Imposing a high-alpine landscape on New England’s comparatively low-lying,
tree-covered hills required environmental modifications. But foresters, especially
those like Baldwin who sought to establish skiing in New England, believed it could
be accomplished sustainably. On the back of a postcard showing an aerial photograph
of Zellerhuten, Austria, a mountain village 113 km (70 mi) east of Salzburg,
Baldwin wrote, “forestry and skiing combined in Lower Austria. The temporary
clearings furnish good skiing. The forest gives shelter from wind” (Baldwin n.d. a)

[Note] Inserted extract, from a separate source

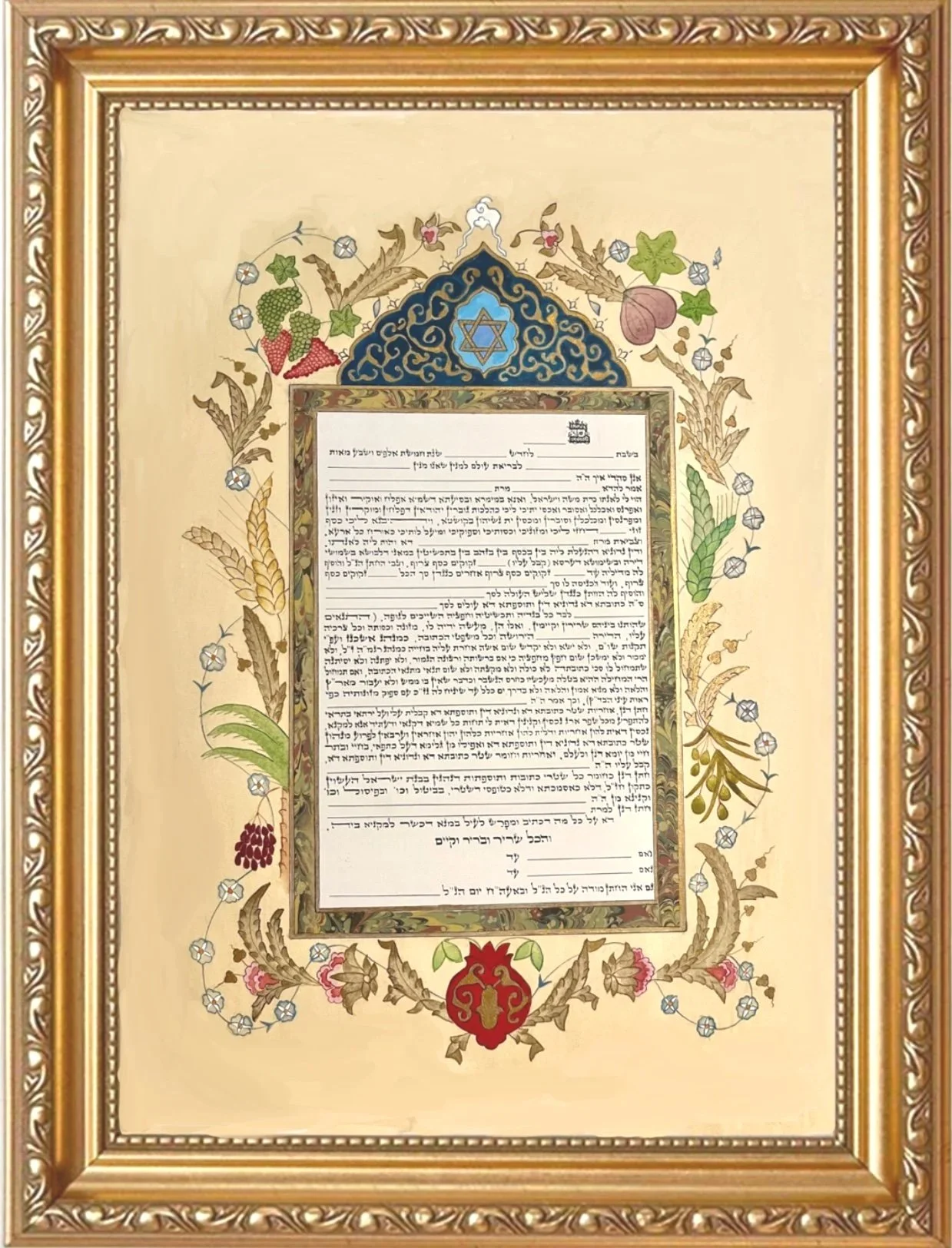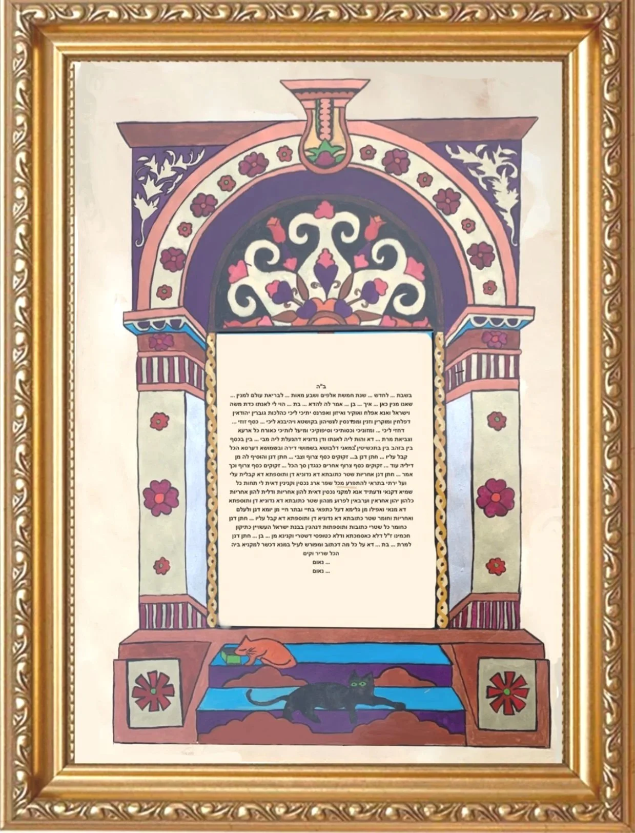 You can request a completely new design, or a modification of an existing design from the featured collection. Raquy also can do a “ketubah makeover” - redoing the art around a ketubah from the past.

That Baldwin purchased and saved a postcard showing downhill skiing’s connection
to and compatibility with Austrian forestry practices suggests he was looking
for ways to implement a similar interdependent system in New Hampshire. Recognizing
that windswept landscapes are susceptible to snow erosion, winter ecologists
have shown that intermittent stands of conifers break the wind and encourage snow
deposition. Snow scientists have also shown that among narrow clearings, such as
those that Baldwin identified in the postcard, snow accumulation can be higher than
that of the surrounding forest (Jones et al. 2001). To Baldwin’s mind, cutting timber
and clearing ski trails was a win–win situation.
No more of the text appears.